Wir machen Politik für Erkelenz
Bei genauer Betrachtung der im Rahmen des Stadtentwicklungsprojekts „Erkelenz 2030“ umgesetzten neuen Verkehrsführung in der Erkelenzer Innenstadt kommen wir zu dem Schluss, dass das den Bürgern vermittelte Ziel, den Park-Such-Verkehr besser zu steuern und die Innenstadt für alle Verkehrsteilnehmer – ob Auto, Fahrrad, Bus oder zu Fuß – weiterhin gut erreichbar zu halten, nicht durchdacht war.
Für Autofahrer hat sich die Situation deutlich verschlechtert. Der Parksuchverkehr wurde nicht verbessert, sondern zusätzlich verkompliziert. Lange Umwege mit unnötigen Zusatzstrecken widersprechen dem Gedanken des Umweltschutzes. Gleichzeitig werden die Bewohner der Innenstadt durch die verlängerten Fahrwege nicht entlastet – im Gegenteil.

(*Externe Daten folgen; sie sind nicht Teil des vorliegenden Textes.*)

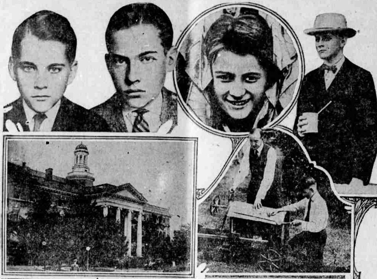
Above: CALVIN & JOHN COOLIDGE, (Circled) IN HAPPIER DAYS (Right) HIS LAST PHOTOGRAPH. Below: WALTER REED HOSPITAL & PRESIDENT & CALVIN COOLIDGE, JR.

A nation stands in silent grief with President and Mrs. Calvin Coolidge at the bier of their youngest son, Calvin, Jr., whose gallant battle against deadly blood poisoning aroused the admiration of those who love a fighter. The manly little fellow died in Walter Reed Army Hospital in Washington of poisoning which followed infection from a blister he suffered while playing tennis with his brother, John, on the White House courts. He was a great "pal" of his father, who is shown, helping him build a wagon just before Mr. Coolidge became President. The first Summer vacation after his father became ruler of the country Calvin spent on a tobacco farm in Connecticut, earning pocket money. In his last photograph he is pictured in a "seventh inning stretch" in the Washington ball park, only three days before he was stricken with the fatal illness.
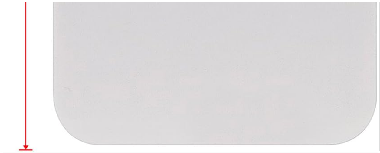
Image: Remote control with its approximate dimensions indicated in centimeters and inches.
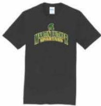
4 Color Option(s) $13.75 Port & Company &#174; Fan Favorite Tee
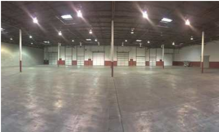
Airport Business Center Suite114-117 (2)
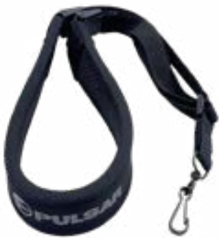
Pulsar Neck Strap
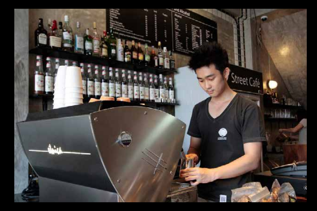
9 Street - Chiang Mai - Thailand
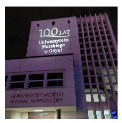
Figure 12. Gdynia Maritime University, The Faculty of Navigation is celebrating the 100th Anniversary of GMU

transport, and their main emphasis is on the implementation of new technologies, effective and reliable technical and organizational solutions that are user-friendly and environment-friendly, such as green shipping, development of e-navigation concept, offshore technology, renewable energy, MASS (Maritime Autonomous Surface Ship), reduction of gases emissions, etc.
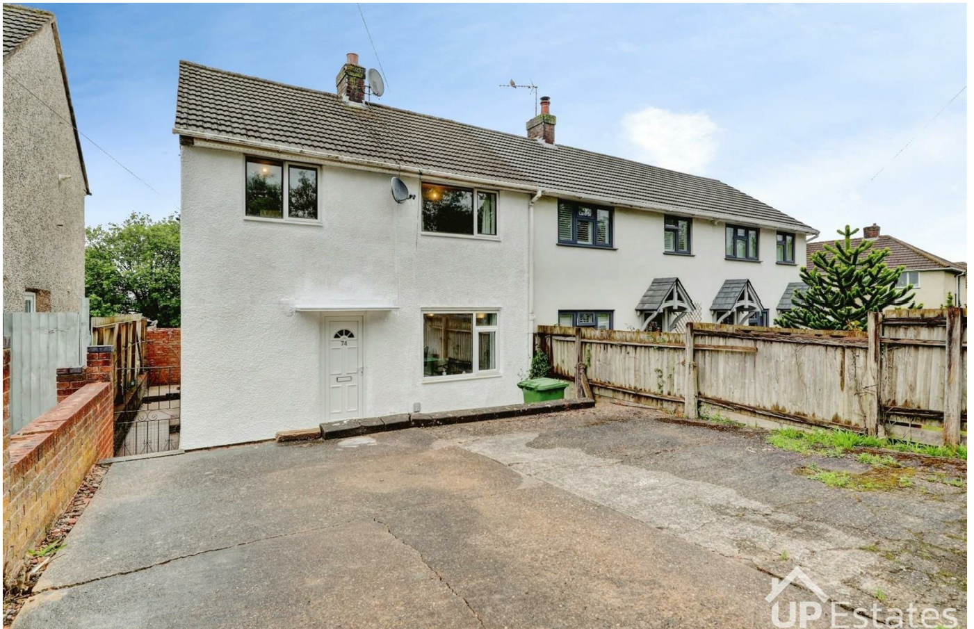
Exhall Road, Keresley End, Coventry
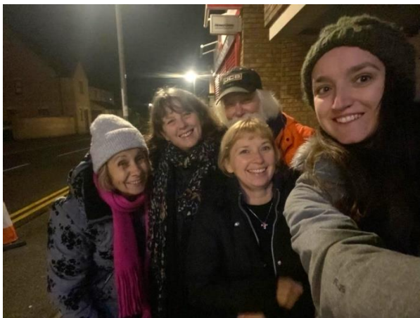
Out in the community with hot chocolate on Hallowe'en
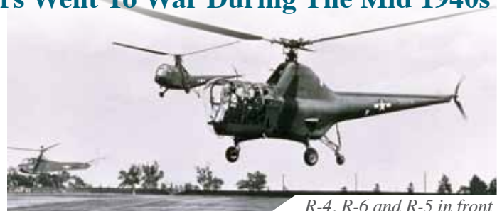
R-4, R-6 and R-5 in front

The R-4, R-5 and R-6 were the first helicopters in the world to be put into quantity production for the U.S. Army, Navy, Coast Guard, British Royal Air Force and Royal Navy. The R-4 and R-5 were built by Sikorsky and the R-6 were built by Nash-Kelvinator to Sikorsky designs. 🇺🇸
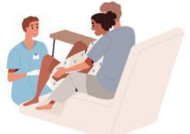
Labor and delivery room

Mehr als die Hälfte der Bürger der Stadt Erkelenz lebt in den umliegenden ländlichen Gebieten. Aufgrund eines wenig leistungsfähigen ÖPNV sind viele von ihnen auf das Auto angewiesen, um die Innenstadt zu erreichen. Für den Einzelhandel in Erkelenz bedeutet die neue Verkehrsführung daher eher einen Nachteil als einen Gewinn.
Das Konzept trägt zudem deutlich die Handschrift eines Zeitgeistes, der dem Individualverkehr kritisch gegenübersteht. Doch wir stehen vor veränderten Rahmenbedingungen, die ein Umdenken erfordern. Maßnahmen, die auf Einschränkung individueller Mobilität abzielen, sind nicht zielführend und sollten überdacht werden.
Wenn wir die Innenstadt wieder zu einem attraktiven und lebendigen Ort für Handel und Dienstleistungen entwickeln wollen, braucht es eine realitätsnahe und praxisorientierte Verkehrspolitik.
Alle Straßen in der Erkelenzer Innenstadt, die baulich dafür geeignet sind, sollten wieder in beide Richtungen für den Pkw-Verkehr freigegeben werden. Einbahnstraßen sollten nur dort bestehen bleiben, wo dies aus nachvollziehbaren Gründen erforderlich ist. Individuelle Mobilität bleibt ein zentraler Bestandteil moderner Verkehrskonzepte – und der Pkw-Verkehr eine tragende Säule davon.